First, though, McAllen must move the library’s 250,000-item collection across town.

Library Design Systems of Houston plans to send two trucks and a moving crew to McAllen on Friday, when they’ll start moving the books across town, said Library Director Jose Gamez.

Movers expect to work Nov. 25-Dec. 5 for everything to find a place on the new library’s shelves. McAllen agreed to pay Library Design Systems, which specializes in moving libraries, $37,324.70 to handle the move.

While McAllen’s new library offers a slew of amenities, ranging from a larger computer lab to a coffee shop, the move remains bittersweet for many with fond memories of the Memorial Library, which has been a gathering place and city resource for six decades.

Sylvia Marichalar started working at Memorial Library as a loan desk assistant on Nov. 7, 1983, when the library had just begun adding bar codes to the collection. After 26 years, she left to become the branch manager at McAllen’s Palm View Branch Library in 2009.

“I worked there for so long that I saw babies who would go for story time back in the ’80s grow up into successful adults,” Marichalar said. “I saw older people, Winter Texans, use the library so much. I saw people get old. I got old there.”

Years later, Marichalar said she has occasionally run into those people, now successful lawyers, engineers and other professionals, around town.

“And they would tell me ‘I remember when I was little, and I would go to the main library.’ And they attributed their success to all the days that they spent there,” Marichalar said, her voice cracking with emotion.

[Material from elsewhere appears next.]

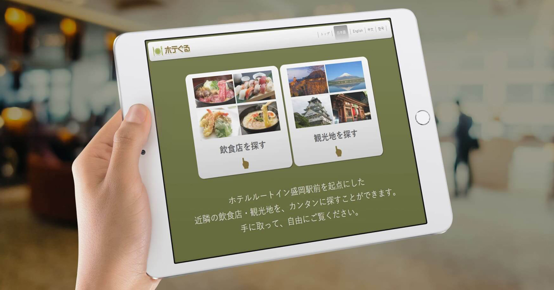 「ホテぐる」は、宿泊施設内に設置された専用端末やタブレット、紙媒体などを通じて、周辺飲食店情報を分かりやすく提供するサービスです。ホテルおすすめの飲食店・観光情報を紹介し、日本語を含む4言語に対応しています。

The Memorial Library has grown with McAllen over the past 60 years, starting off as a smaller, one-story building in 1950, when the census counted 20,067 residents. By 2010, the Memorial Library had grown to a 40,000 square-foot, three-story building tasked with serving 129,877 residents.

Elena Alanis said she’s been visiting the Memorial Library since it opened.

As a fourth- or fifth-grader, Alanis rode her bicycle to the library after school to read. Today, the 73-year-old retired bookkeeper lives across Main Street from library, where she was reading a copy Thursday of the San Antonio Express-News.

“I wish they’d leave a branch or something,” Alanis said, adding that, without a car, she’ll probably take the bus across town to visit the new library, but will probably spend less time there.

“But things change,” Alanis said.

While McAllen’s elected officials have discussed turning the building into an art incubator overseen by the Chamber of Commerce, they haven’t finalized that plan.

It’ll probably take several hundreds of thousands of dollars to renovate the building, said City Manager Mike Perez, adding that the windows need work and the carpet likely will be replaced.

Perez said someone — who he declined to name because the conversation was private — had proposed building a boutique hotel and restaurant on the property, but hadn’t submitted a formal letter of intent or other proposal.